The collaboration therefore reflects a broader pattern in oncology development, where companies combine novel technologies to address biological challenges that single-agent therapies have struggled to overcome.

Why the glioblastoma treatment landscape still demands innovation despite decades of research

Few diseases illustrate the limits of modern oncology as clearly as glioblastoma. Despite extensive research investment and hundreds of clinical trials, treatment progress has remained frustratingly slow.

The tumor’s genetic heterogeneity, immune evasion mechanisms, and location within the central nervous system create a combination of challenges rarely encountered in other cancers.

As a result, clinicians and researchers increasingly view combination therapies as the most plausible path forward.

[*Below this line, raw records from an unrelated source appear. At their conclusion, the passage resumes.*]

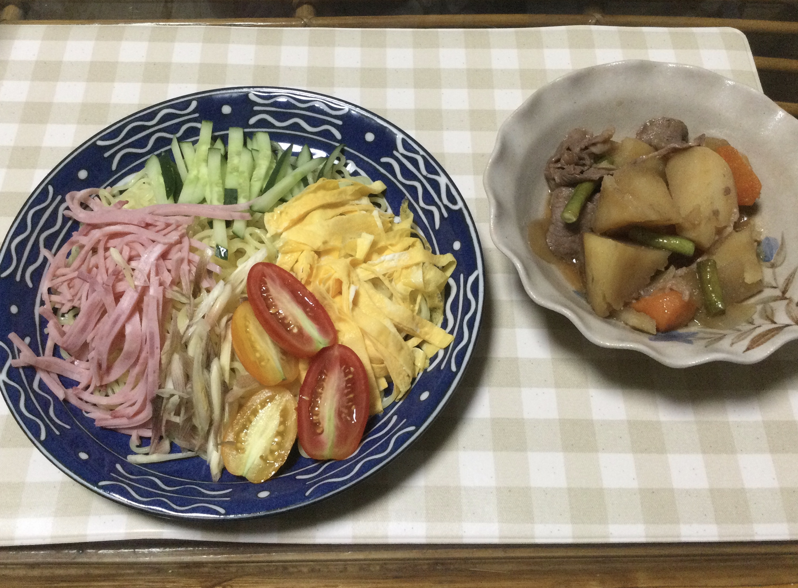 2回めの冷やし中華とアンバランスな肉じゃが
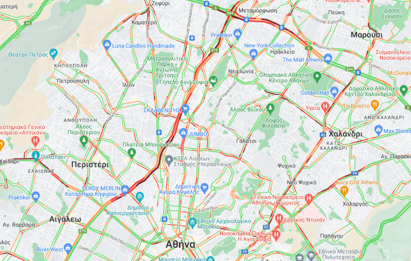Παράλληλα, μποτιλιάρισμα υπάρχει στη Λεωφόρο Κηφισού, στο ρεύμα της ανόδου, από το Περιστέρι μέχρι τη Νέα Φιλαδέλφεια.
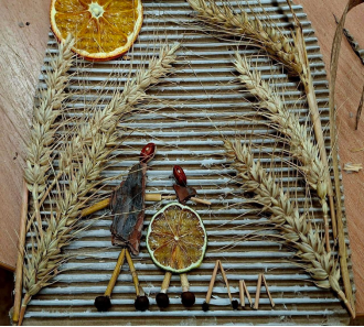 Ресурсное панно из ароматных специй и природного материала
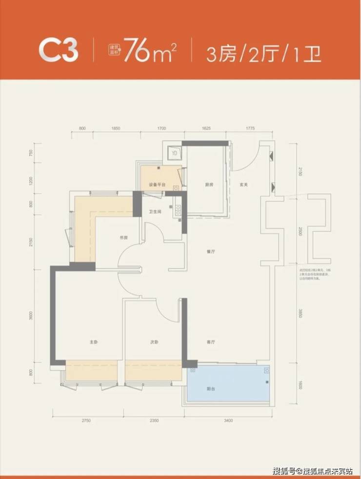 76㎡的3房2厅1卫,折后总价192-222万/套,单价2.52-2.92万/㎡。
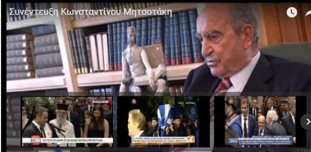 Έτσι κι έγινε. Σε μια ειδική εκπομπή το βράδυ της Τετάρτης και ενώ στα Χανιά, στη γενέτειρά του γινόταν η αγρυπνία του πριν από την ταφή του, σήμερα, στο νεκροταφείο του Αργουλιδέ δίπλα στη Μαρίκα του, παρουσιάστηκε ένα μέρος, σχεδόν 6 λεπτά, από αυτή την πολύωρη συνέντευξη του Κωνσταντίνου Μητσοτάκη, του τελευταίου των μεγάλων που γνώρισε η Ελλάδα.

The Akeso and INOVIO collaboration therefore enters a field where expectations remain cautious but where the need for innovation remains urgent.

Whether the combination ultimately demonstrates clinical benefit will depend on the interplay between immune activation, tumor biology, and patient selection. But the study represents another attempt to test whether multi-layer immunotherapy strategies can overcome the barriers that have long defined glioblastoma treatment.